(Dragon reading to a small boy.)
Image from Reading Dragon Graphics by Xxanthe
The Book Barn discussion list posed the question to members, "What were the best fifteen books you read in 1998?" This was my answer. Half of these are re-reads, the rest are new-reads.


Songmaster by Orson Scott Card
      In a galaxy-spanning human civilization, the Songhouse is one of the longest-lasting institutions connecting all the planets. The Songhouse adopts promising children, raises them and teaches them all educational basics -- plus music and song. The majority of Songhouse students graduate able to entertain listeners and even to teach music on far-flung planets. A select number are Songbirds, able to raise the power of music to a mystic level, to move and influence audiences. These are sent out to carefully chosen, powerful families, and eventually come back to the Songhouse with what they have learned of the far-flung worlds, to teach the next generation of singers.
      Ansset is the most talented new arrival at the Songhouse. He is also a wounded child; emotionally crippled, he can echo the feelings of any other person, in song, but he feels nothing. The Songhouse heals him, but when his teachers decide that only the power of Ansset's song can tame a tyrant, they send him out into both greatness and tragedy.
      In many ways this is a retelling of the Biblical story of David and Saul. Like the Bible, too, Orson Scott Card puts his characters through bloody-all. Job himself would not trade place with an Orson Scott Card protagonist, thank you very much. I was not surprised to learn that Orson Scott Card was a Mormon; much of Christian writing is about dealing with pain and guilt, finding meaning in an imperfect world. All of Orson Scott Card's writing seems to be on that theme. His characters go through agony; they come out of it with grace, deep wisdom, and large souls.
      Ansset becomes the Songmaster. I re-read very few books; this one I have re-read more than any other.
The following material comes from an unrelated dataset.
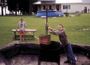We have a small, soft-sided swimming pool in our yard. My wife enjoys the pool but was reluctant to use it because the water was rarely warm enough. I remedied the problem by building a wood-fired heat exchanger. I wrapped 50 ft. of soft copper tubing around a chunk of wood to make the coil and left about 6 ft. of each end straight. The coil sets in a half barrel of water on top of a wood fire. Water is circulated to and from the pool by a submersible sump pump through a garden hose. I can easily raise the pool's water temperature 15 to 20 degrees in one day. This setup didn't really cost anything at all because I already had most of the components on hand. (Todd Hershey, 5076 Burr Oak Road, Freeport, Ill. 61032 ph 815 233-4830 or 815 541-8405)

Their Eyes Were Watching God by Zora Neale Hurston
      I am putting a codicil in my will that none of my children or grandchildren inherit anything from me until they have read Their Eyes Were Watching God. I read the first two paragraphs and I was hooked, for life. The poetry and rhythm on Hurston's prose make this another of the rare books that can be re-read. Hear a selection read
      In Hurston's own life, she was unfortunately rejected by both white critics and black for her use of dialect and black cultural themes in her work. It was Alice Walker who resurrected her work and made her remembered. Just one more thing I admire Alice Walker for.

No-No Boy by John Okada
      It was an espresso shop barrista who turned me on to this little-known novel, a one-time work by a man who committed suicide young, printed posthumously. I have seen the book listed since then on library Recommended lists.
      The story takes place in Seattle's international District at the end of World War II. The soldiers are returning -- and so are the "refusees", the young men who sat out the war in prison for refusing the draft. The protagonist is a Refusee; when the same country that sent his family to the camps for being Japanese informed him he was drafted, he said -- a lot of things, but the essence of it was, "No." Now he is trying to pick the pieces of his life back up again, and wondering if his refusal was worth the divisions it caused between himself and his community.
      This is another re-read. I originally found the book many years ago. I have been haunted ever since by one image from the book: the elderly Japanese woman, deeply betrayed by her adopted country, certain that Japan truly won the war and anything else is just more American propaganda, sitting by the window, her bags packed, waiting for the victorious Japanese ships to come take her home.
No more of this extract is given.